When you copy the material below, keep every line exact and omit the pictures.

▸ Material provided
[Start of Attachment]

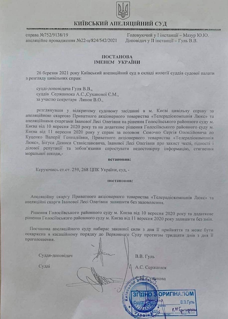 Зазначене рішення райсуду журналісти оскаржили в Апеляційному суді, пропустивши попередньо терміни оскарження. За клопотанням їхніх адвокатів вони були продовжені. У суді свої твердження про поїздки Семочка в Крим, його нібито корупційні дії та майно родичів журналісти намагалися представити як "оціночне судження". А сам сюжет про Семочко позиціонували ніби не про нього, а про СБУ в цілому. Судді з цими доводами не погодилися.
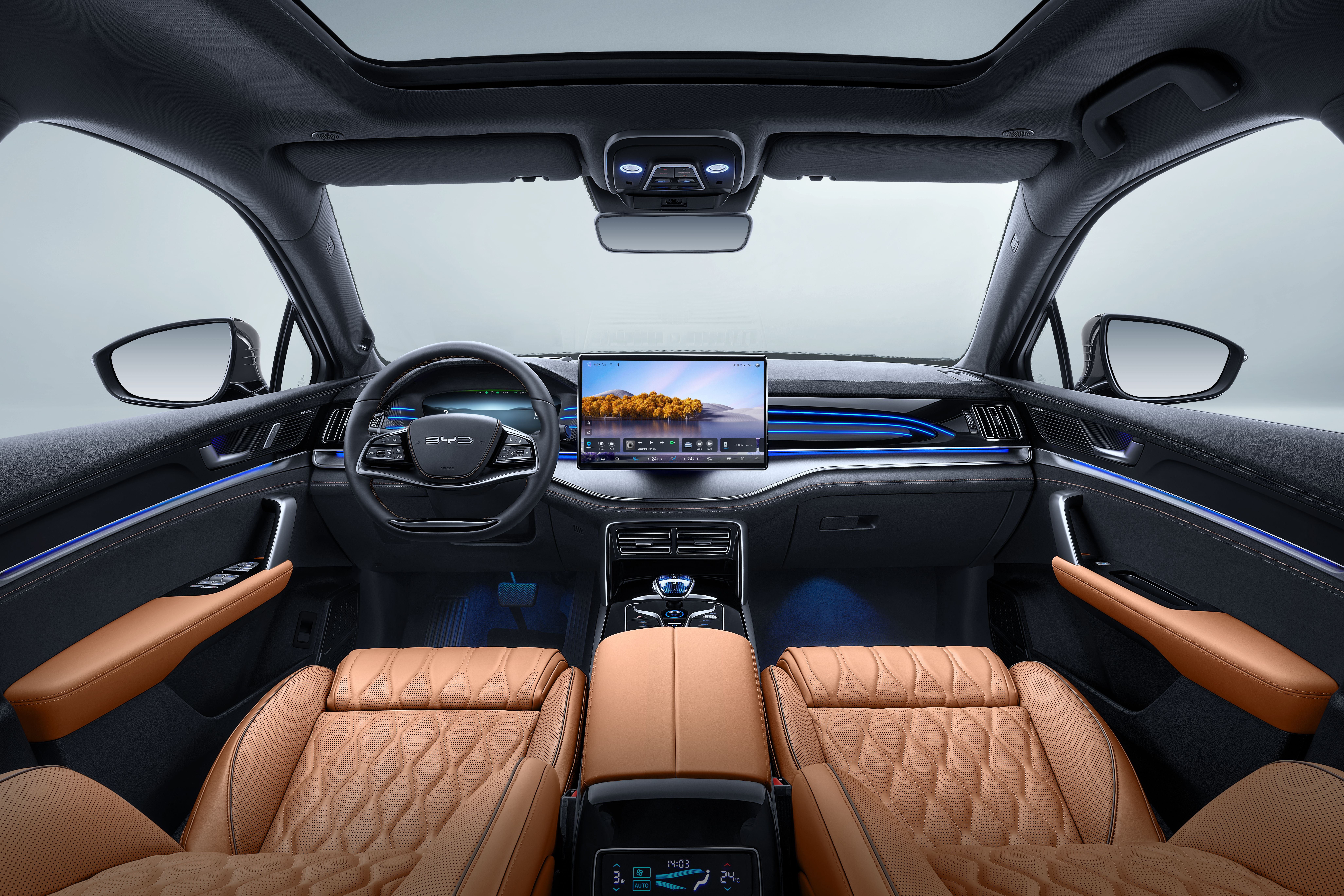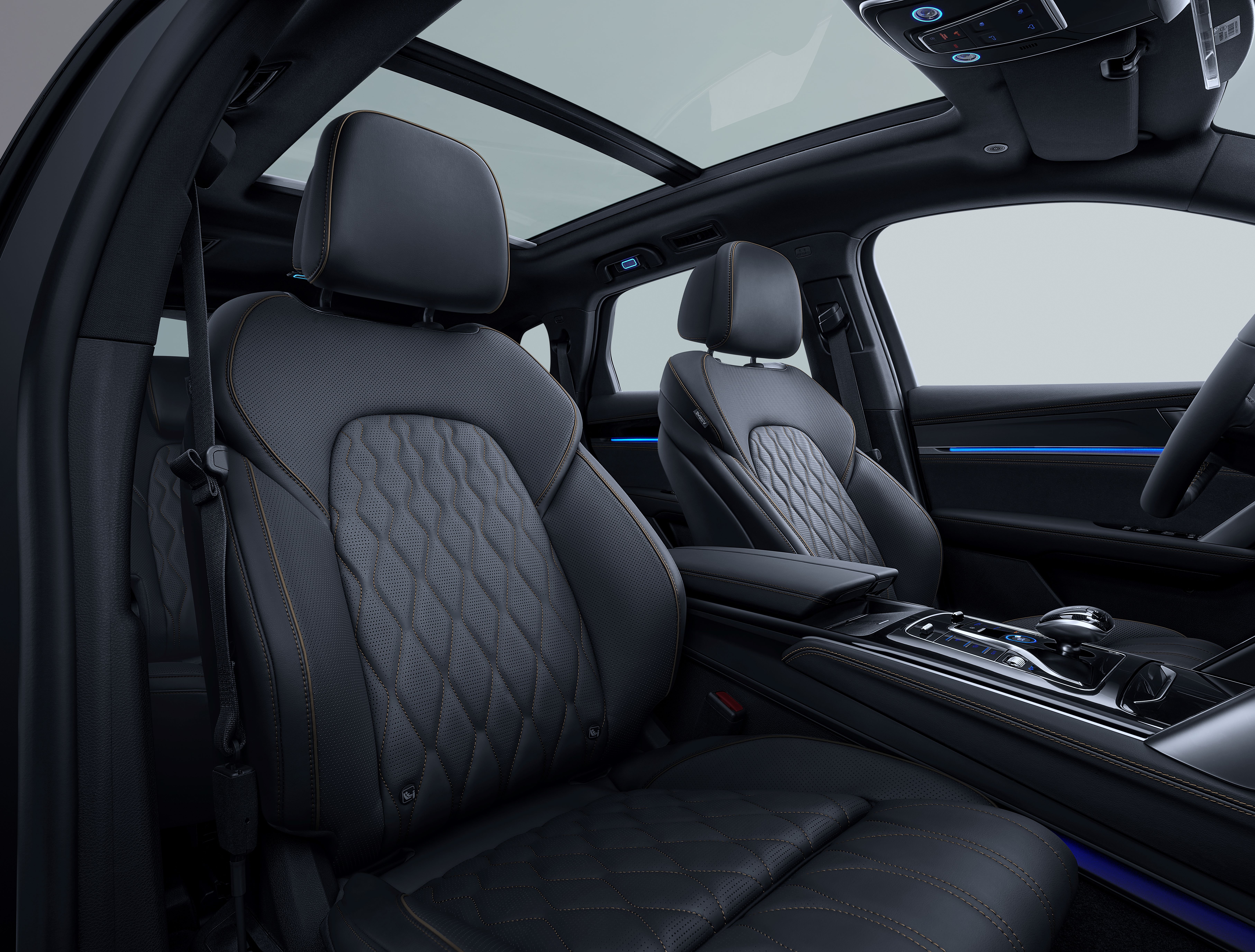 Panoramasoltaket slipper inn naturlig lys, og en elektrisk solskjerm beskytter mot sterkt sollys. Luftkvaliteten ivaretas av et PM2.5-interiørfilter og et aktivt luftrensesystem som sikrer frisk ventilasjon.
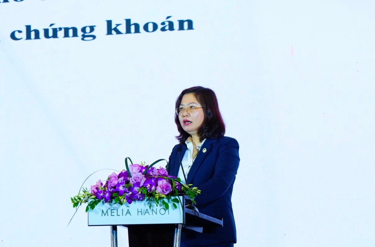 Chủ tịch Ủy ban Chứng khoán Nhà nước Vũ Thị Chân Phương nêu các giải pháp phát triển thị trường chứng khoán. Ảnh: M.T
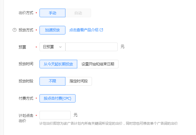 出价方面,如果按点击出价,则是cpc,如果按转化,则是ocpm和ocpc

[End of Attachment]

▸ Response below
 Зазначене рішення райсуду журналісти оскаржили в Апеляційному суді, пропустивши попередньо терміни оскарження. За клопотанням їхніх адвокатів вони були продовжені. У суді свої твердження про поїздки Семочка в Крим, його нібито корупційні дії та майно родичів журналісти намагалися представити як "оціночне судження". А сам сюжет про Семочко позиціонували ніби не про нього, а про СБУ в цілому. Судді з цими доводами не погодилися.
 Panoramasoltaket slipper inn naturlig lys, og en elektrisk solskjerm beskytter mot sterkt sollys. Luftkvaliteten ivaretas av et PM2.5-interiørfilter og et aktivt luftrensesystem som sikrer frisk ventilasjon.
 Chủ tịch Ủy ban Chứng khoán Nhà nước Vũ Thị Chân Phương nêu các giải pháp phát triển thị trường chứng khoán. Ảnh: M.T
 出价方面,如果按点击出价,则是cpc,如果按转化,则是ocpm和ocpc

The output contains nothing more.